A provocação de novos olhares para as universidades públicas contou ainda com uma críticas às hierarquizações de saberes nos ambientes acadêmicos, secularizando a verticalização do conhecimento. Ao mesmo tempo, Boaventura provocou a ideia de uma “extensão ao inverso”, em que, ao invés da universidade se expandir, a universidade também possa ser expandida pelas comunidades.
Título Honoris Causa
Também no dia 13, o turno da tarde foi reservado para a solenidade de concessão do título de Doutor Honoris Causa pela UFRPE e UFPE. A cerimônia foi realizada na Faculdade de Direito do Recife. Boaventura deu continuidade aos discursos sobre a conjuntura brasileira, destacando a crise no sistema judiciário brasileiro e suas relações com a Operação Lava Jato.
Armazém do Campo
Concluindo a passagem pelas terras pernambucanas, a manhã do sábado (14) foi para lançamento da obra mais recente “Esquerdas do mundo, uni-vos!”. O evento foi realizado no Armazém do Campo, unidade do Recife, e contou com debate com a Mandata JUNTAS CODEPUTADAS (PSOL), Senador Humberto Costa (PT) e Gleisa Campigotto (MST). A necessidade de uma unidade entre as esquerdas no ambiente neoliberal e ultraconservador do atual governo federal foi a pauta principal.

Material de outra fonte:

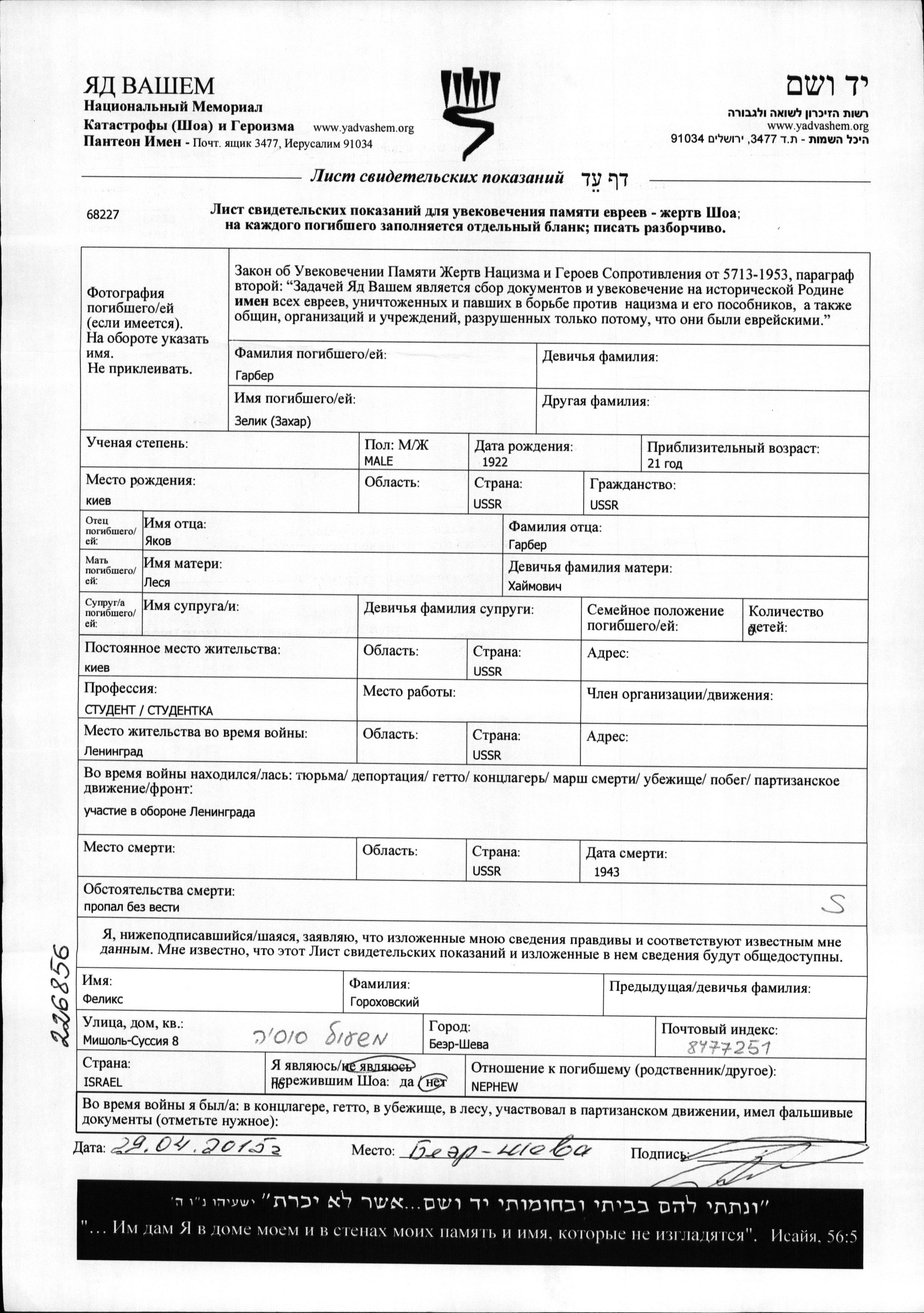 Garber Zelik Zakhar 1922 Kiev, Ukraine (URSS) Feuille de témoignage

Realização e solidariedade
A passagem de Boaventura de Sousa Santos pelo estado contou com apoio da UFRPE, UFAPE, da UFPE/CAA, do CES/Universidade de Coimbra e do MST, o grupo de pesquisa “Curupiras Colonialidades e Outras Epistemologias” e o “Observatório dos Movimentos Sociais na América Latina”. Vale ressaltar as manifestações contra a presidência da Fundação Joaquim Nabuco - inclusive solidarizadas por Boaventura de Souza Santos - por vetar os recursos financeiros para realização das atividades, além de desautorizar a participação de pesquisadores e pesquisadoras e a utilização de veículos para transportar estudantes de mestrado.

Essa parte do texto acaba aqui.